Для микроскопирования полученных препаратов использовали спиннинг-диск микроскоп Andor Revolution (Andor, Ирландия). Сканирование препаратов осуществляли на всю глубину с шагом 1 мкм, панораму всей ЗФ гиппокампа или компактной части ЧС сшивали с 10%-ным перекрытием. Количество клеток оценивали вручную на 3D-реконструированных образцах (Imaris х64 7.4.2, Bitplane, Швейцария). Содержание BrdU+ и DCX+-положительных клеток оценивали в области субгранулярного слоя ЗФ на всех срезах в отдельной лунке, экстраполируя данные на целую ЗФ [19]. TH+-положительные клетки (в мм3 ткани), считали в области Pars compacta ЧС (Bregma lateral 0.60 mm–lateral 1.32 mm по формуле Vповерхности × × 50 (толщина среза)/n (количество оптических плоскостей) [20]. На графиках иммуногистохимические данные представлены в % от контроля.

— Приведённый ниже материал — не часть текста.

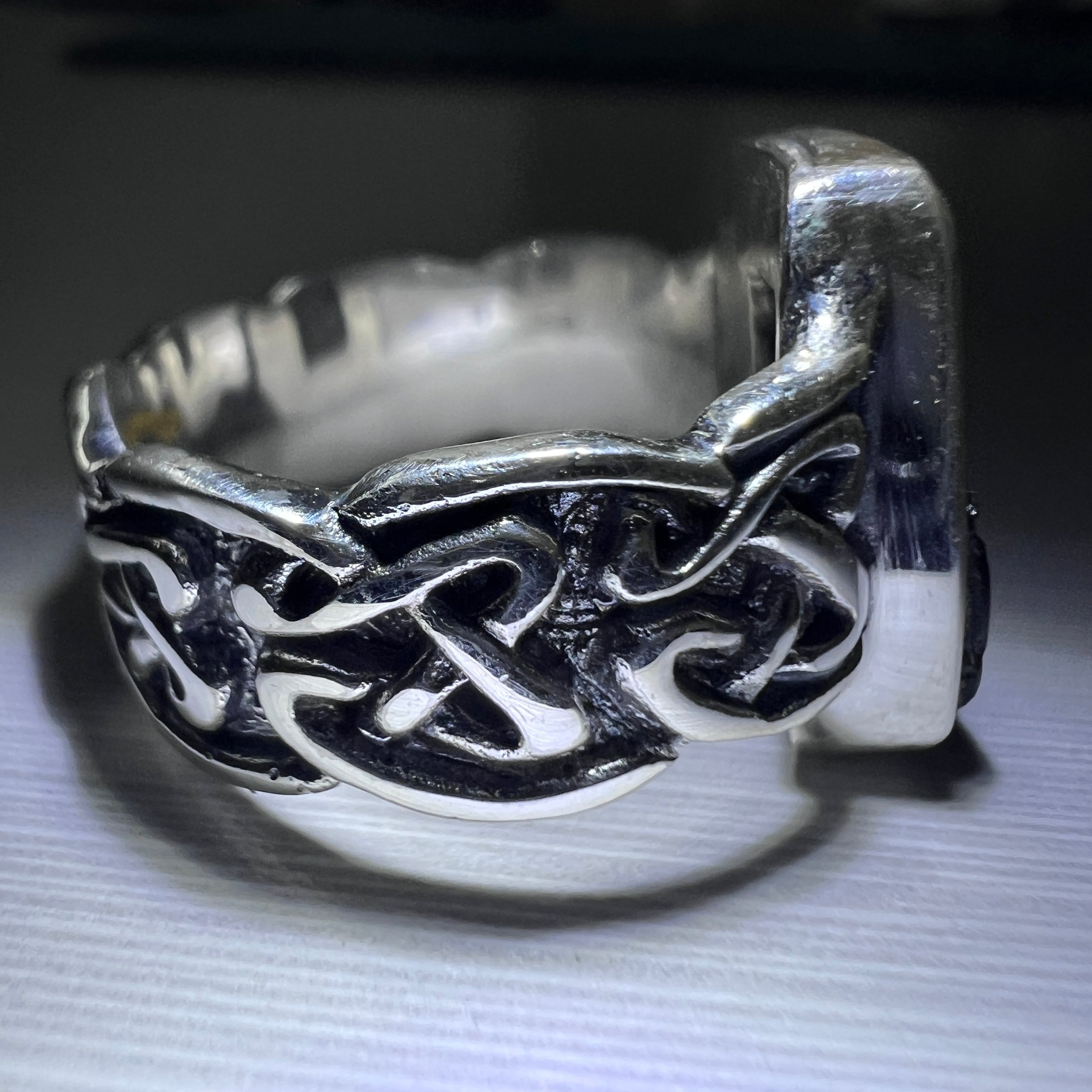 Moldavite is associated with transformation and spiritual growth, while Celtic motifs represent heritage, continuity, and protection, making this ring both a meaningful and stylish statement piece.
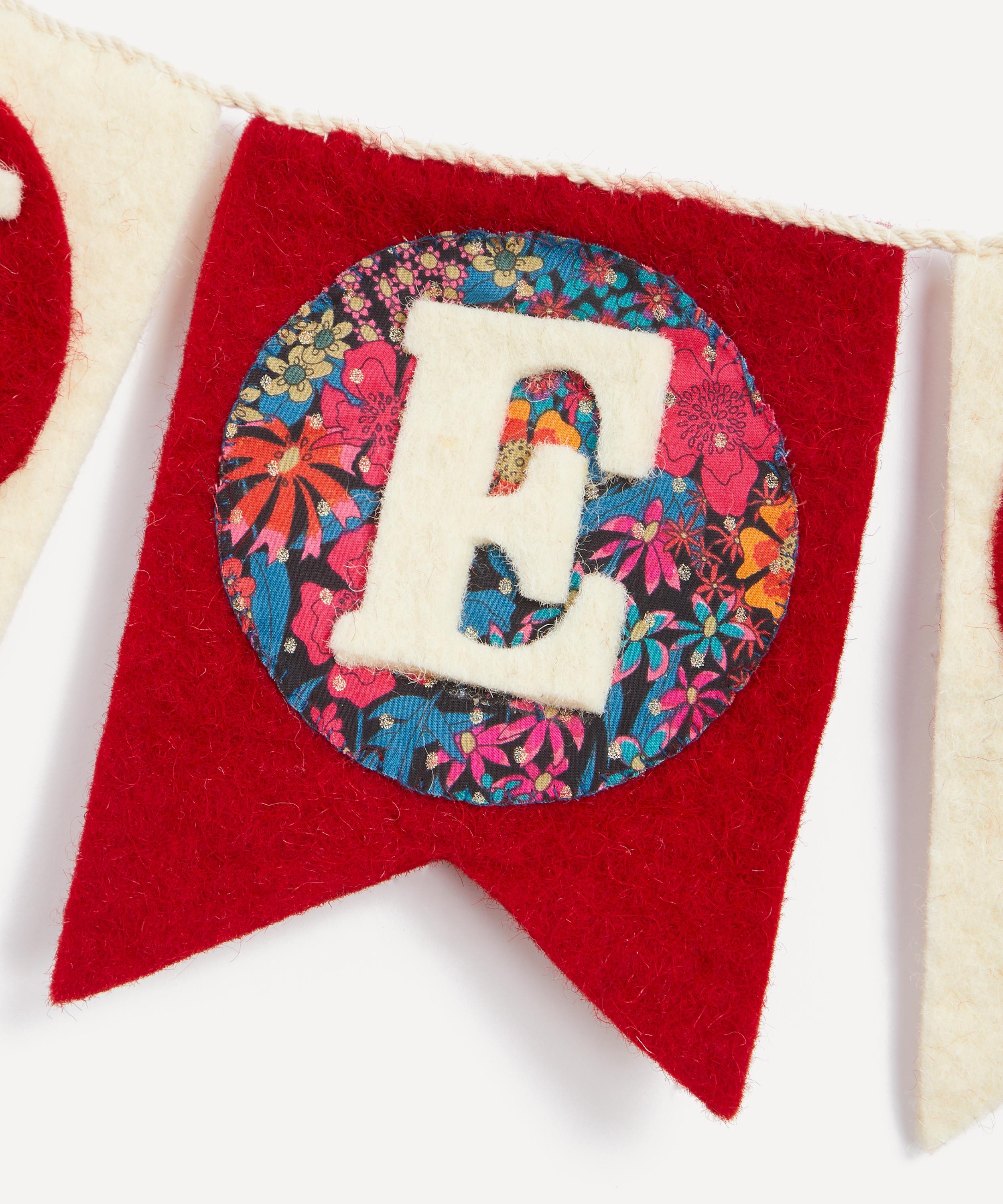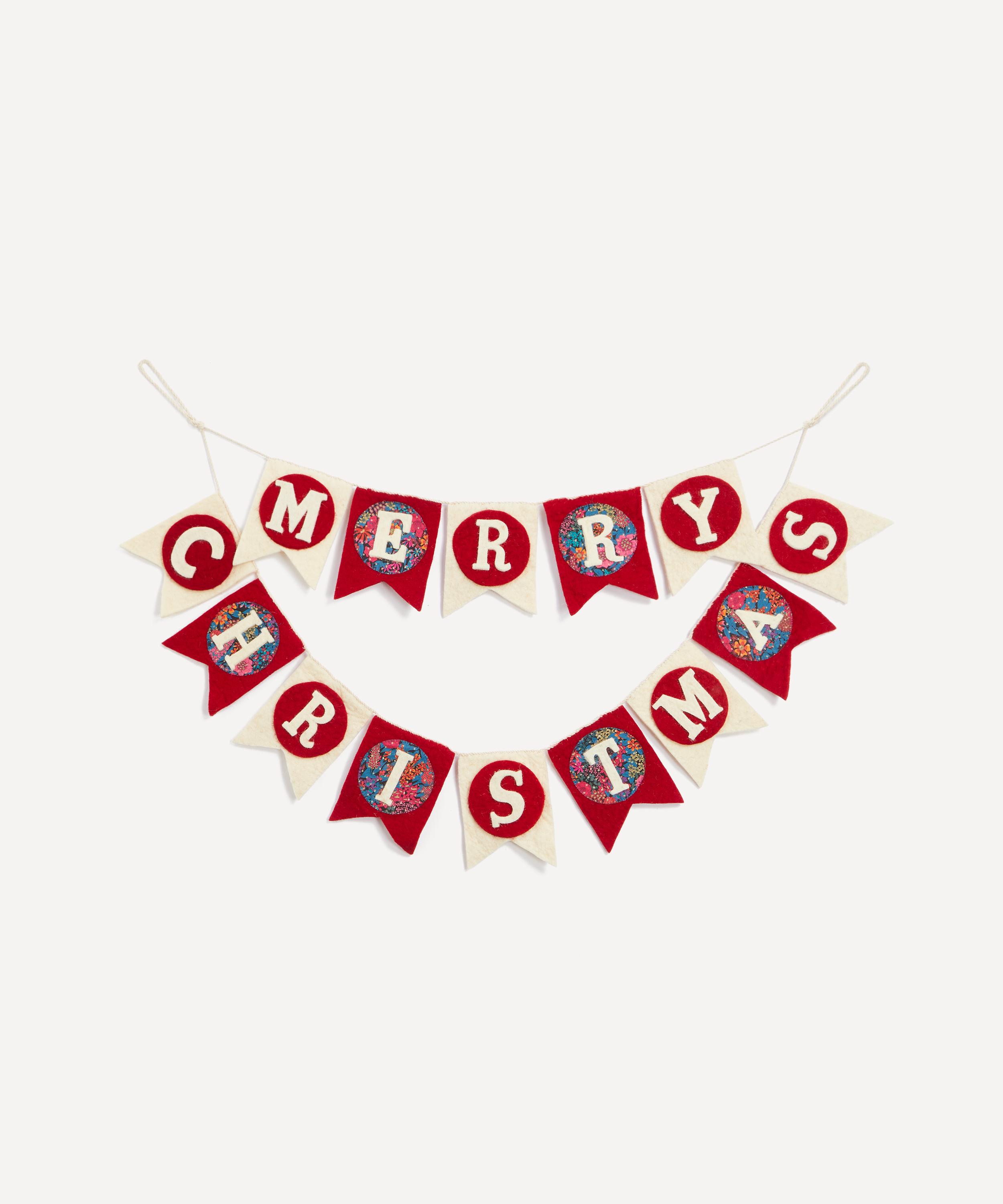 Handmade from felt with Liberty fabric accents, this colourful garland is crafted to spell ‘Merry Christmas’ and brings further cheer to the holidays. Finish off your Yuletide line-up by displaying it with your collection of baubles and trinkets or mixing and matching it with traditional and modern adornments.

Статистический анализ результатов поведенческих экспериментов осуществляли с помощью программ SPSS Statistics 17.0 (SPSS Inc., США), Statistica 7.0 (StatSoft Inc., США) и Prism 6.01 (GraphPad, США). Поведенческие данные представляли как медиану (Me) и межквартильный размах, Q3-Q1( IQR), иммуногистохимические – как средние значения и стандартные ошибки измерения (M ± SEM). Показатели сравнивали с помощью теста Манна–Уитни для двух независимых выборок и теста Вилкоксона для зависимых выборок. Различия считали статистически значимыми при р < 0.05.

РЕЗУЛЬТАТЫ ИССЛЕДОВАНИЯ

В результате проведенных поведенческих исследований было документировано, что животные, которым на протяжении 14-ти дней интраназально вводили нативный α-син, на 15-ый день исследования статистически значимо не различались от мышей, получивших ФР, по скорости движения в тесте ОП (тест Манна–Уитни, первые 5 мин тестирования: p > 0.2; последующие 6 мин: p = 0.059). При этом на 16-ый день исследования при обучении в модели РНО и на 22-ой день при тестировании в ПКЛ различия в скорости движения стали статистически значимыми (p = 0.034 и p = 0.039 соответственно) (табл. 1).

Таблица 1.

Средняя скорость движения мышей в моделях “Открытоe поле” и “Распознавание нового объекта”, а также в “Приподнятом крестообразном лабиринте”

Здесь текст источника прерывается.